In this section, we conduct experiments to evaluate different policy switching criteria on DQN. We study several Atari game environments along and an environment for simulating sepsis treatment for ICU patients. We evaluate the efficiency among different switching criteria in these environments. Implementation details and hyper-parameters are listed in the Appendix A.

6.1. ENVIRONMENTS

GYMIC GYMIC is an OpenAI gym environment for simulating sepsis treatment for ICU patients to an infection, where sepsis is caused by the body's response to an infection and could be lifethreatening. GYMIC built an environment to simulate the MIMIC sepsis cohort, where MIMIC is an open patient EHR dataset from ICU patients.

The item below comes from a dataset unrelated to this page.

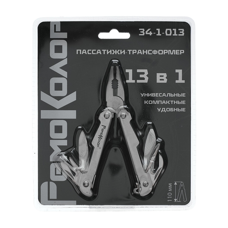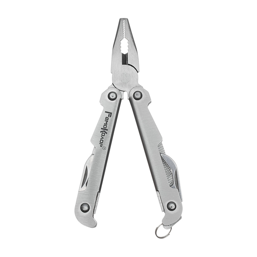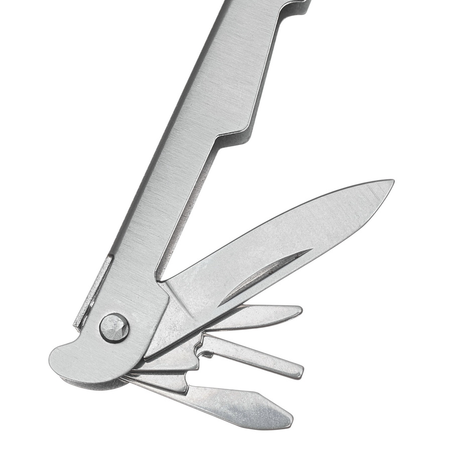 В комплект входят: приспособление для зачистки проводов, консервный нож, захват для цилиндрических деталей, открывалка для бутылок, кусачки для проволоки, отвертки SL 3 шт., отвертка PH2, плоскогубцы, ножи 2 шт., напильник.

This environment generates a sparse reward, the reward is set to +15 if the patient recovered and -15 if the patient died. This environment has 46 clinical features and a 5 × 5 action space. For the GYMIC, we display the learning curve of 1.5 million steps of the environment, after which the reward converge. We choose this environment because it is simulating a real-world problem that requires low switching cost. For Atari games, all the experiments were training for the environment stepping 3.5 million times. Atari 2600 Atari 2600 games are widely employed to evaluate the performance of DQN based agents. We also evaluate the efficiency among different switching criteria on several games, such as Pong, Road Runner, Beam Rider, etc.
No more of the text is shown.